• [Work instructions]: The records below are to be transcribed exactly from their first line to the line that has "晚会现场举行了2012级新生", inclusive, with every picture omitted.

+===+

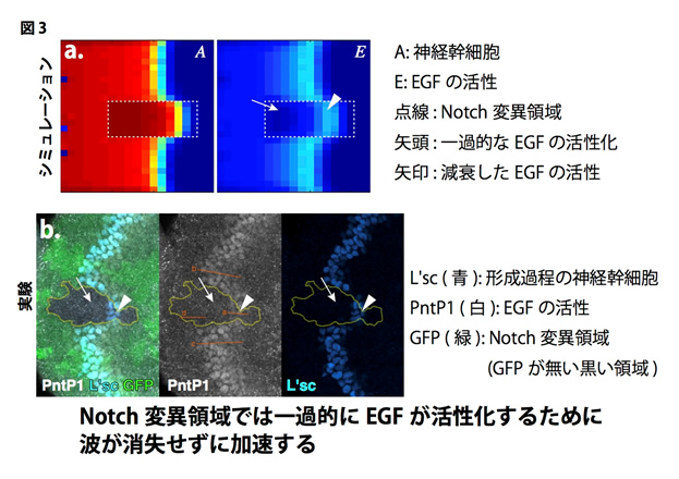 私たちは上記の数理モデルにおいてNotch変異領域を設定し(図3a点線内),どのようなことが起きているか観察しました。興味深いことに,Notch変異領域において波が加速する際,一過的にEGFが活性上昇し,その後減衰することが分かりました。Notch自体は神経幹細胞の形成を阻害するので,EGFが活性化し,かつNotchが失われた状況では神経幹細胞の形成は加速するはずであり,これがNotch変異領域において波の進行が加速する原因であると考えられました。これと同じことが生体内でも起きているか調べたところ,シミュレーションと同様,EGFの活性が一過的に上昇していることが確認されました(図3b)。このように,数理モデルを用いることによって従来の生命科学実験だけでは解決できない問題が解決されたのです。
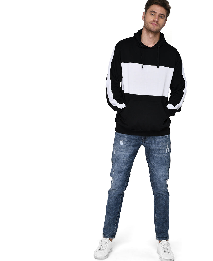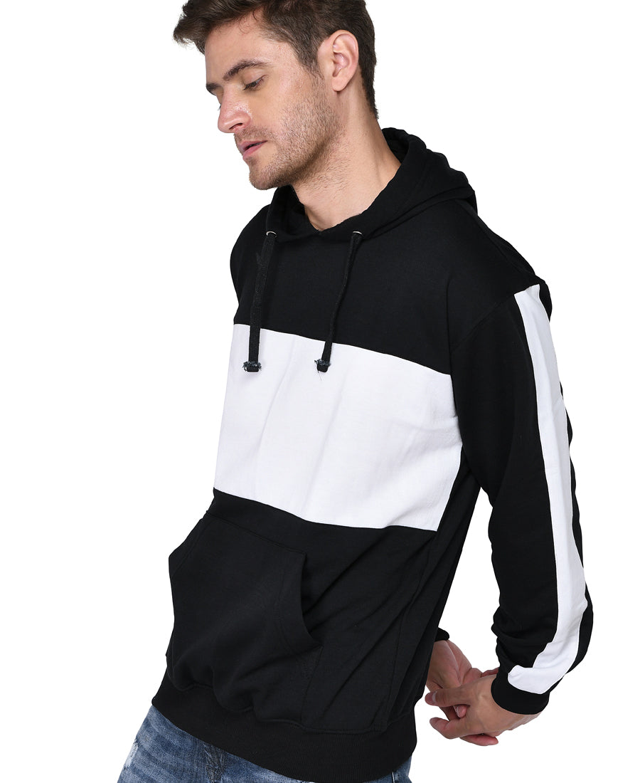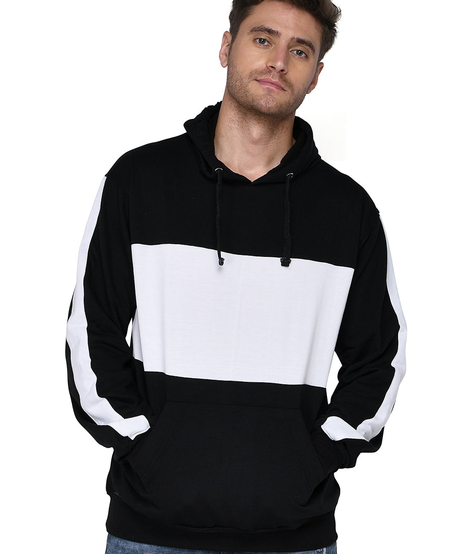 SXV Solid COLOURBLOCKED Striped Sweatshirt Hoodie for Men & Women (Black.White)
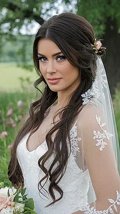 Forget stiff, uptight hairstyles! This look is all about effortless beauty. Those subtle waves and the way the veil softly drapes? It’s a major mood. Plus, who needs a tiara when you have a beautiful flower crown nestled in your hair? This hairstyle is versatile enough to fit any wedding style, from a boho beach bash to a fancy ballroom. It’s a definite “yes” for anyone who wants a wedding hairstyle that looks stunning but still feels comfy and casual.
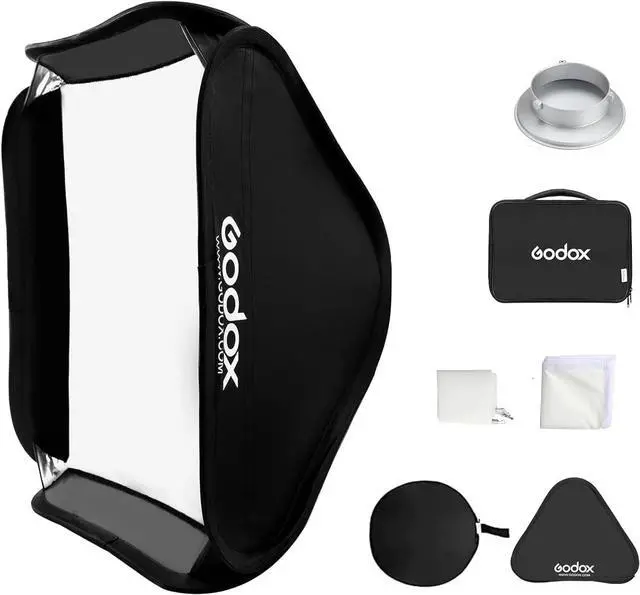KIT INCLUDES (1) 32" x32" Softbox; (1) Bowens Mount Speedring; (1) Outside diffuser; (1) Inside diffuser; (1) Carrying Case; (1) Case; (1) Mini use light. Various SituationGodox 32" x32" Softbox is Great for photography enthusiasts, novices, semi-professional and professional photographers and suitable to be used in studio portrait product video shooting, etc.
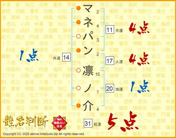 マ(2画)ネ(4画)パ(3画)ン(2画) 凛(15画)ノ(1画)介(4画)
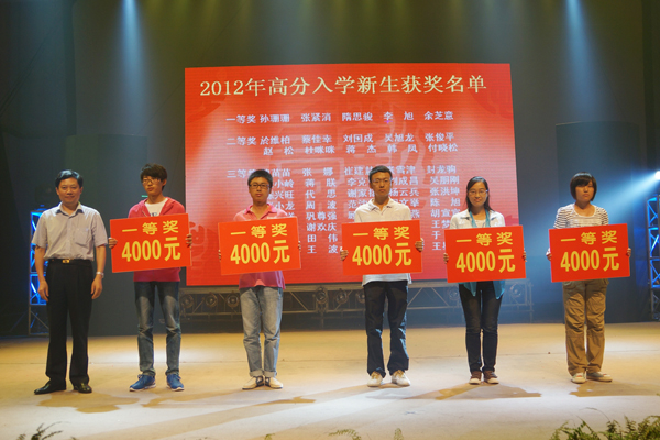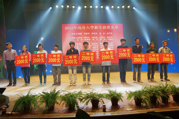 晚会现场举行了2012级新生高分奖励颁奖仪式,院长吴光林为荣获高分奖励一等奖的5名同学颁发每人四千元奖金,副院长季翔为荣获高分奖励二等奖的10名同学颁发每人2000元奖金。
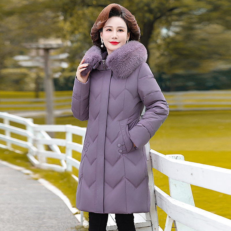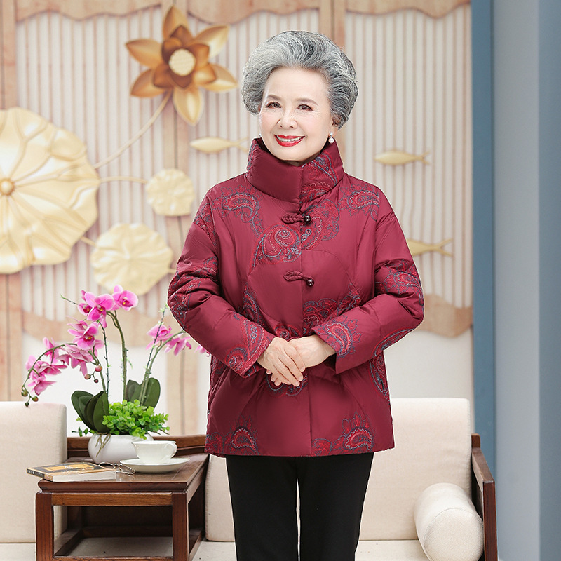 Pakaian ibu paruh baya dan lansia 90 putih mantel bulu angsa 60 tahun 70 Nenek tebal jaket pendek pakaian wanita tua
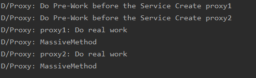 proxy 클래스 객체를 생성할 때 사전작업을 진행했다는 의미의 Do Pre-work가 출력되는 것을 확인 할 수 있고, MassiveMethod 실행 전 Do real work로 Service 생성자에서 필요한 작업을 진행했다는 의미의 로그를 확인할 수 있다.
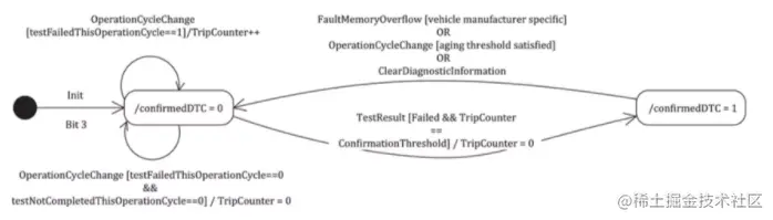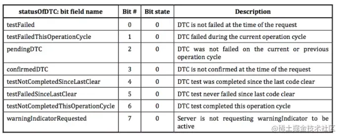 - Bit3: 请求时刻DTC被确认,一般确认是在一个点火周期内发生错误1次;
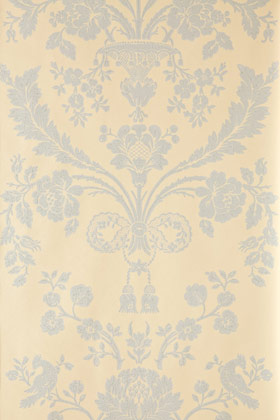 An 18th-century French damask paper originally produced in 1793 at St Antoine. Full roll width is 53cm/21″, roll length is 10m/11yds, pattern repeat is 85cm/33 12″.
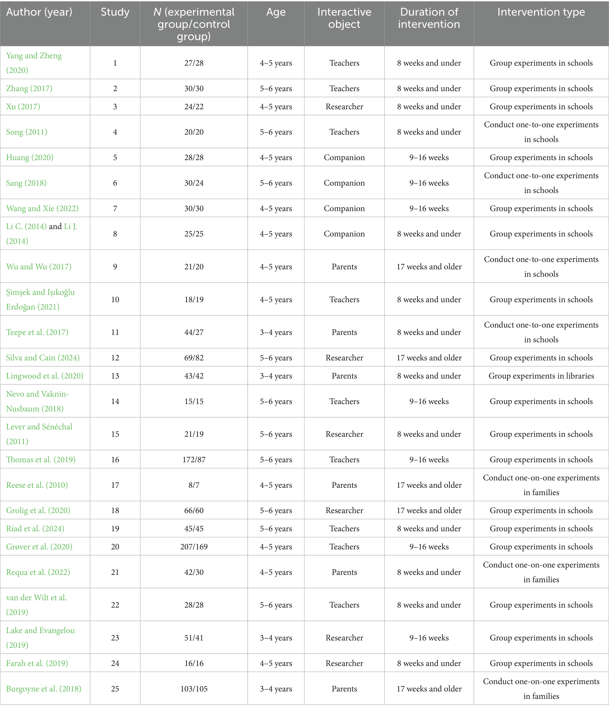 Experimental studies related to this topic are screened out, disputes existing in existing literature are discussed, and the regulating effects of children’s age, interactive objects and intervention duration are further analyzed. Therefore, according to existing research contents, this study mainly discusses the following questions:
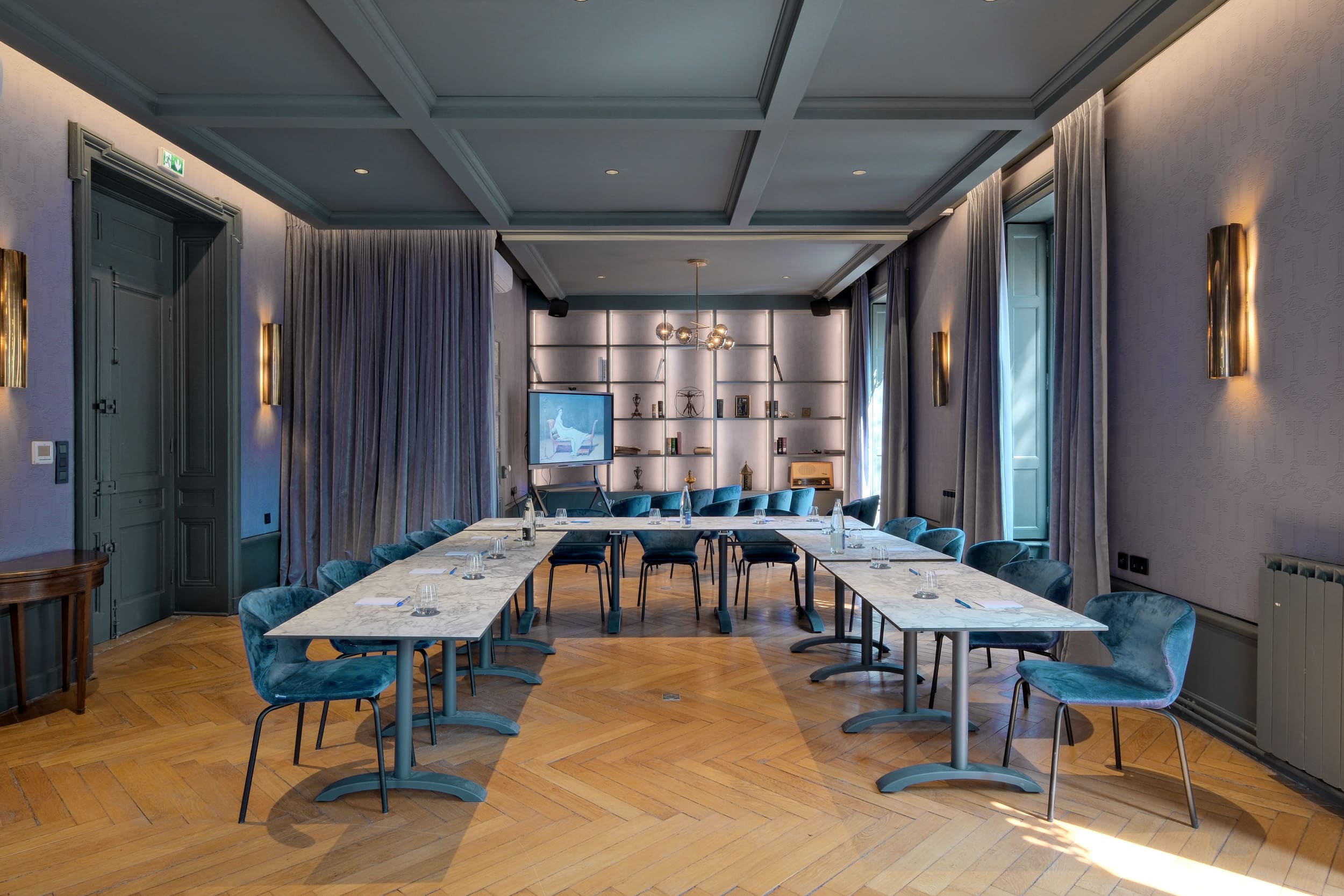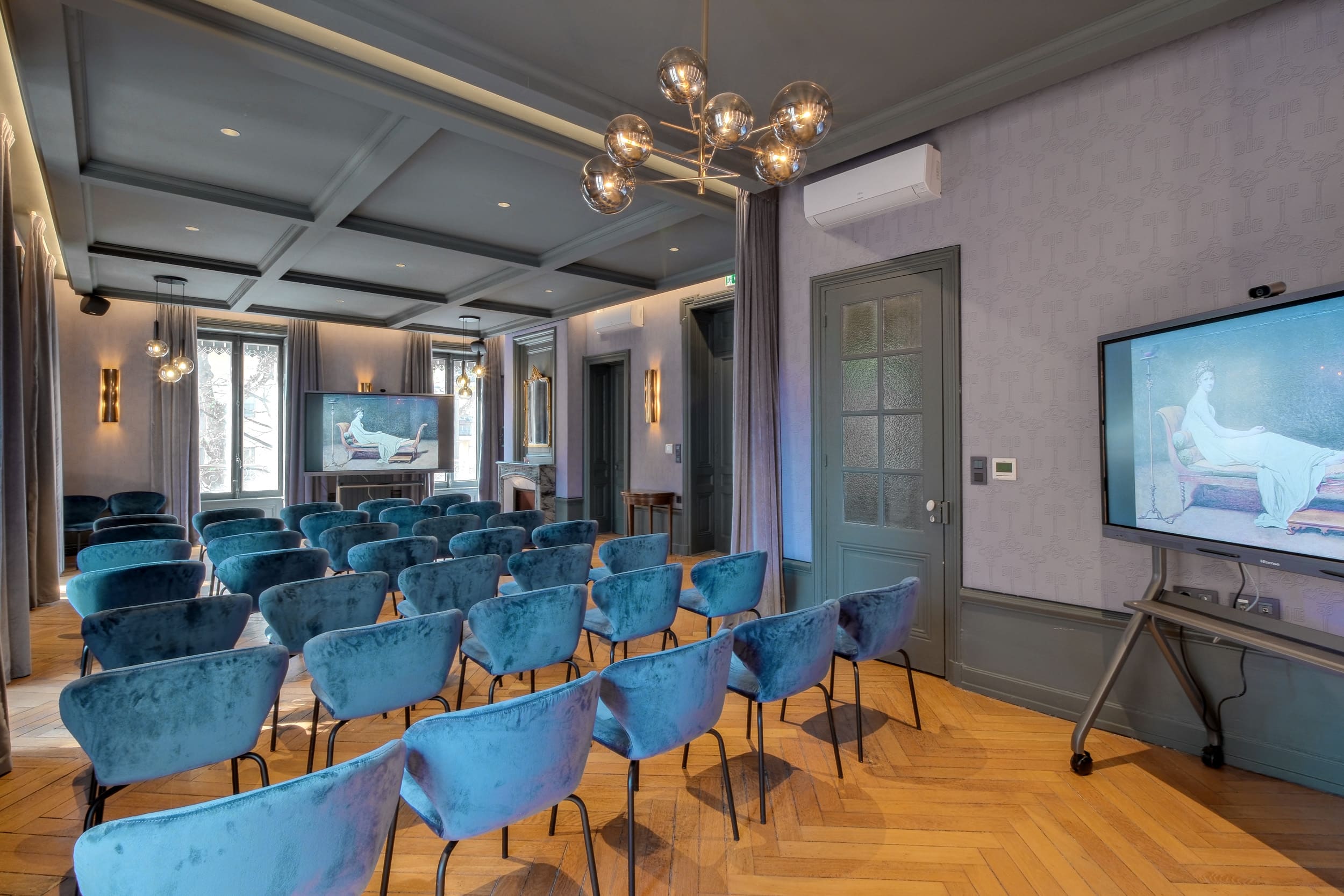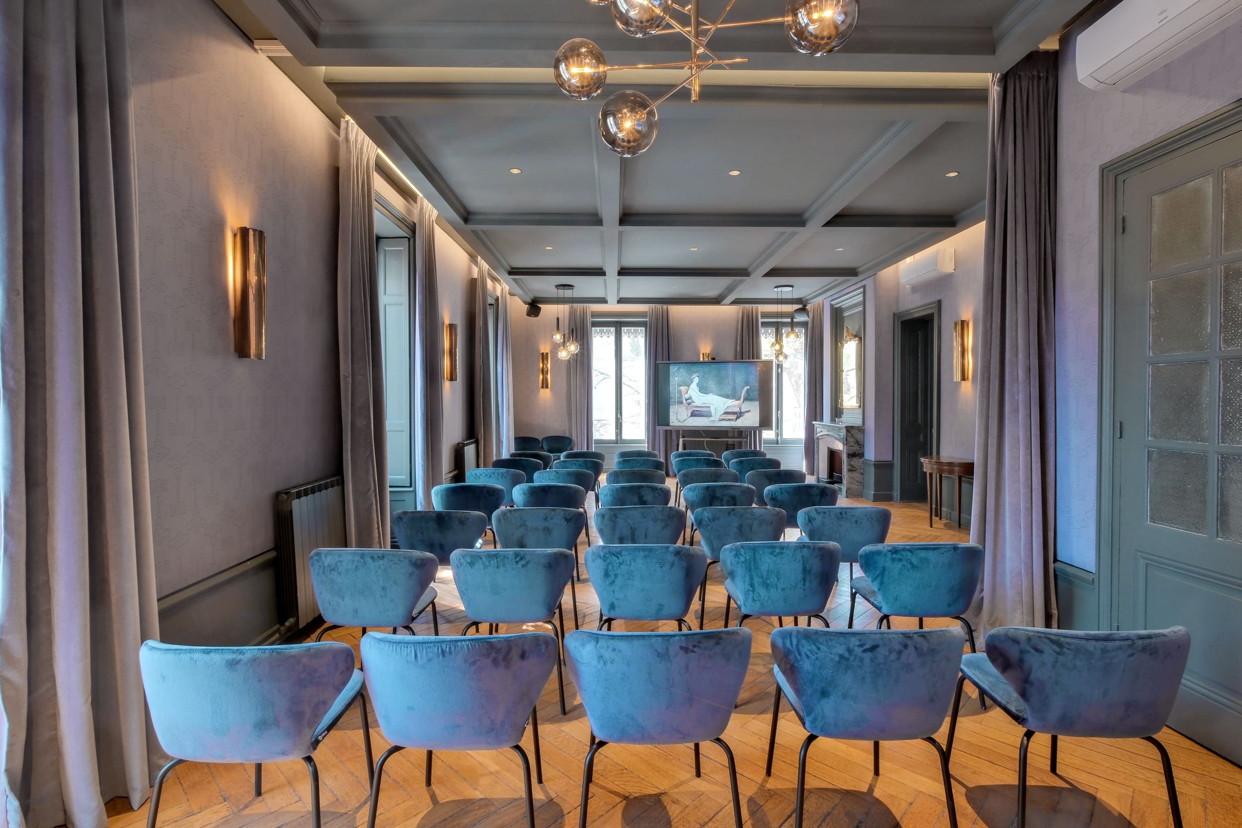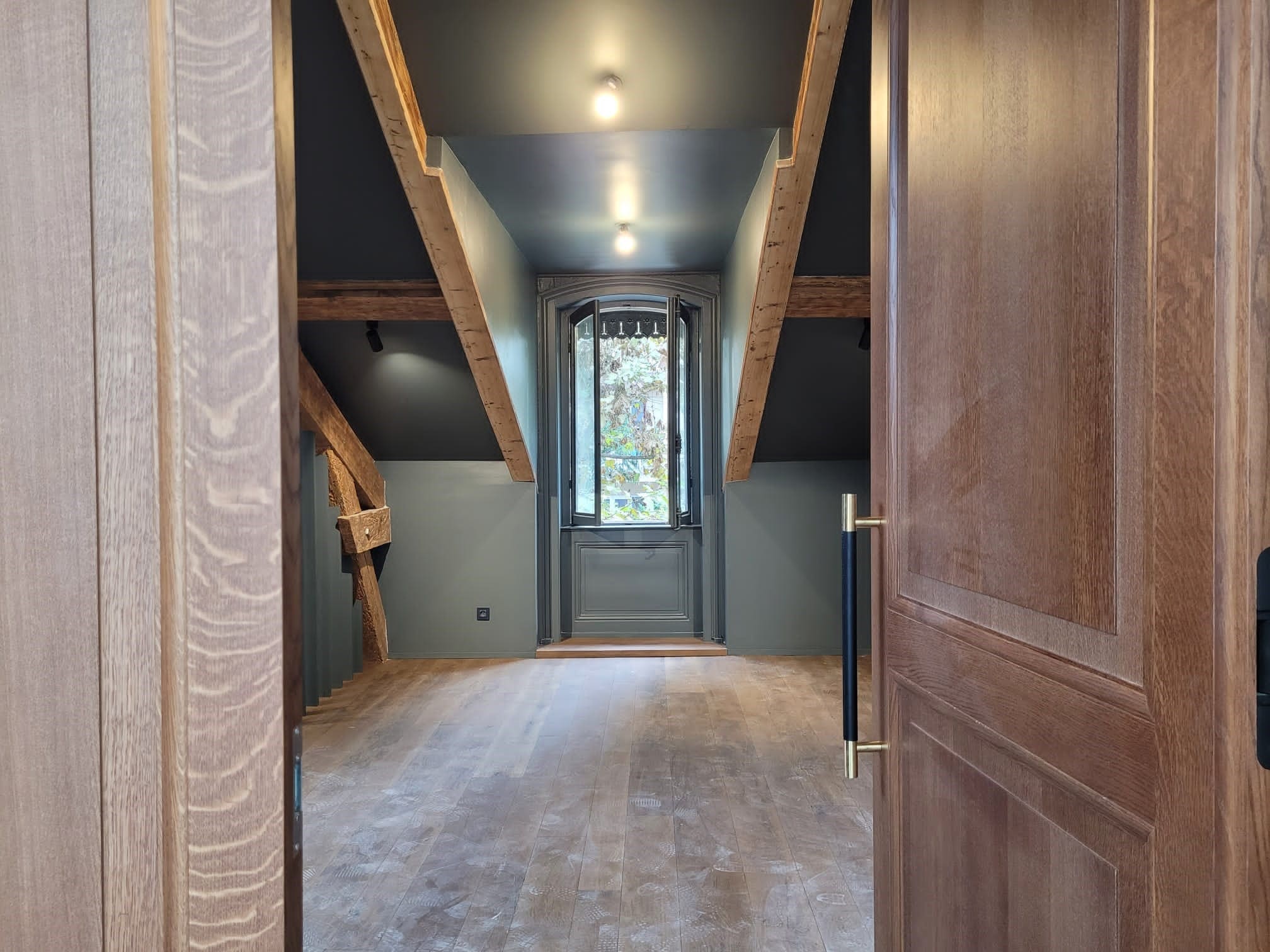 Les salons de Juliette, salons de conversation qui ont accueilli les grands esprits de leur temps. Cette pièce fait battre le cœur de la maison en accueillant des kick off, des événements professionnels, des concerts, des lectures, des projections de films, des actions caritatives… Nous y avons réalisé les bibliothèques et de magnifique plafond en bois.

+===+

• [Solution to the problem]:
 私たちは上記の数理モデルにおいてNotch変異領域を設定し(図3a点線内),どのようなことが起きているか観察しました。興味深いことに,Notch変異領域において波が加速する際,一過的にEGFが活性上昇し,その後減衰することが分かりました。Notch自体は神経幹細胞の形成を阻害するので,EGFが活性化し,かつNotchが失われた状況では神経幹細胞の形成は加速するはずであり,これがNotch変異領域において波の進行が加速する原因であると考えられました。これと同じことが生体内でも起きているか調べたところ,シミュレーションと同様,EGFの活性が一過的に上昇していることが確認されました(図3b)。このように,数理モデルを用いることによって従来の生命科学実験だけでは解決できない問題が解決されたのです。
 SXV Solid COLOURBLOCKED Striped Sweatshirt Hoodie for Men & Women (Black.White)
 Forget stiff, uptight hairstyles! This look is all about effortless beauty. Those subtle waves and the way the veil softly drapes? It’s a major mood. Plus, who needs a tiara when you have a beautiful flower crown nestled in your hair? This hairstyle is versatile enough to fit any wedding style, from a boho beach bash to a fancy ballroom. It’s a definite “yes” for anyone who wants a wedding hairstyle that looks stunning but still feels comfy and casual.
KIT INCLUDES (1) 32" x32" Softbox; (1) Bowens Mount Speedring; (1) Outside diffuser; (1) Inside diffuser; (1) Carrying Case; (1) Case; (1) Mini use light. Various SituationGodox 32" x32" Softbox is Great for photography enthusiasts, novices, semi-professional and professional photographers and suitable to be used in studio portrait product video shooting, etc.
 マ(2画)ネ(4画)パ(3画)ン(2画) 凛(15画)ノ(1画)介(4画)
 晚会现场举行了2012级新生高分奖励颁奖仪式,院长吴光林为荣获高分奖励一等奖的5名同学颁发每人四千元奖金,副院长季翔为荣获高分奖励二等奖的10名同学颁发每人2000元奖金。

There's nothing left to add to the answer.